> [Data below]:
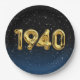 Globos dorados de cumpleaños mylar para 1940 cumpleaños en fondo negro gradiente y azul con estrellas nocturnas.
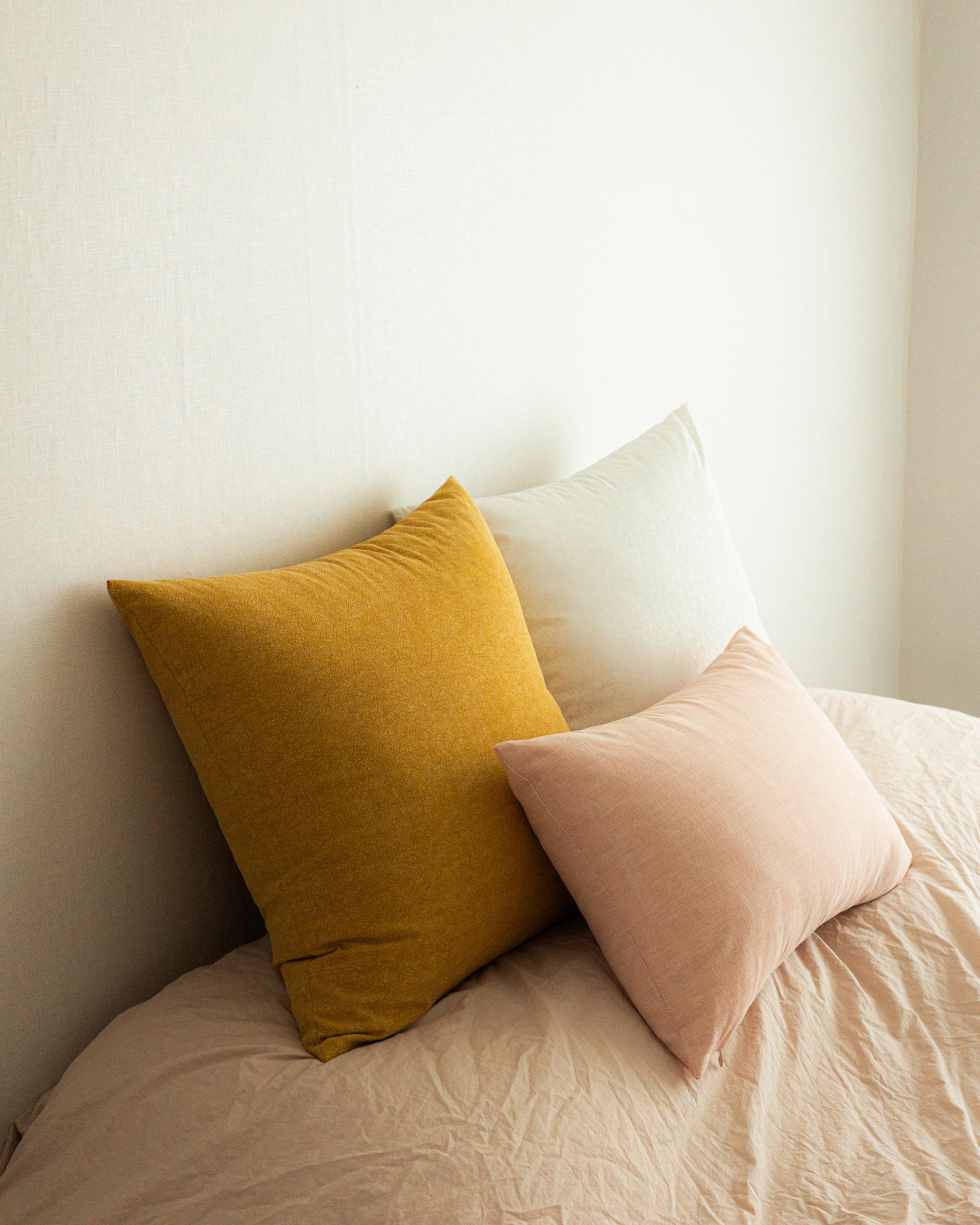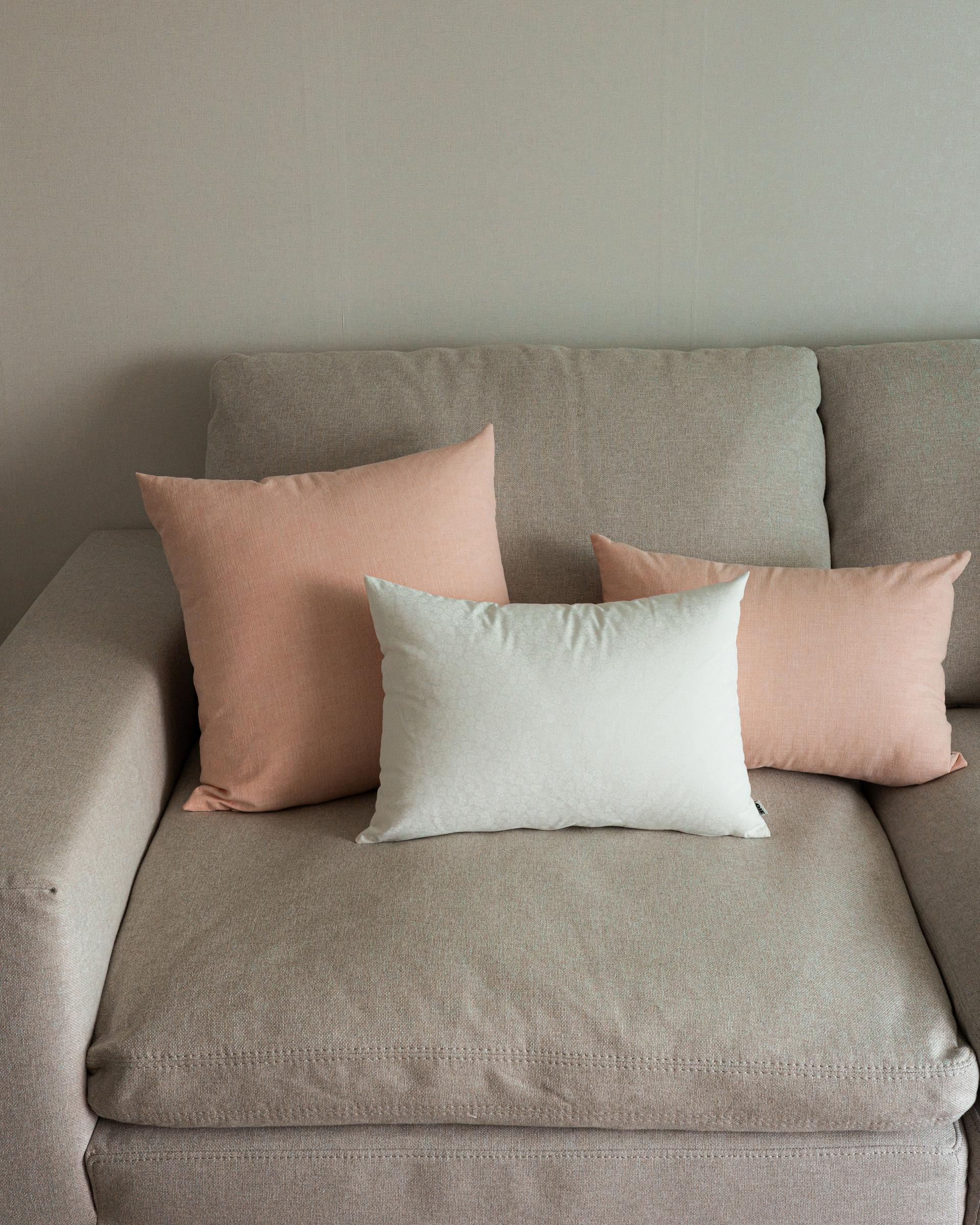100% 면 20수 원단으로 제작되어 소재 특유의 부드러운 텍스처와 차분한 컬러감이 자연스럽게 어우러지며, 잔잔한 구김마저도 하나의 멋으로 표현되는 매력적인 커버입니다. 도톰한 조직감과 부드러운 촉감은 소파 또는 침실에 포인트 아이템으로 활용하기 좋으며, 하단은 콘솔 지퍼 방식으로 깔끔하게 마감되어 커버 분리와 세탁이 용이해 일상적인 관리가 편리합니다.
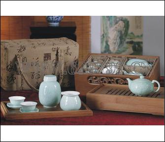 产品简介 :此款茶礼器皿齐全,外观大气:翠绿色的阴雕瓷器冰清玉洁,肌理细腻, 光鲜夺目; 竹盒的手工雕刻缠枝纹,苍劲有力,饱满富贵。整套茶盘分三层,面板可做奉茶托使用,茶盘及瓷器可置于外布包中,方便携带。高价位、高配置茶礼首选,适用于商务,庆典,国宾礼品。

> [Prompt]: Could you transcribe all of the data exactly, keeping every picture out of the copy?

> [Solution for this problem]:
 Globos dorados de cumpleaños mylar para 1940 cumpleaños en fondo negro gradiente y azul con estrellas nocturnas.
100% 면 20수 원단으로 제작되어 소재 특유의 부드러운 텍스처와 차분한 컬러감이 자연스럽게 어우러지며, 잔잔한 구김마저도 하나의 멋으로 표현되는 매력적인 커버입니다. 도톰한 조직감과 부드러운 촉감은 소파 또는 침실에 포인트 아이템으로 활용하기 좋으며, 하단은 콘솔 지퍼 방식으로 깔끔하게 마감되어 커버 분리와 세탁이 용이해 일상적인 관리가 편리합니다.
 产品简介 :此款茶礼器皿齐全,外观大气:翠绿色的阴雕瓷器冰清玉洁,肌理细腻, 光鲜夺目; 竹盒的手工雕刻缠枝纹,苍劲有力,饱满富贵。整套茶盘分三层,面板可做奉茶托使用,茶盘及瓷器可置于外布包中,方便携带。高价位、高配置茶礼首选,适用于商务,庆典,国宾礼品。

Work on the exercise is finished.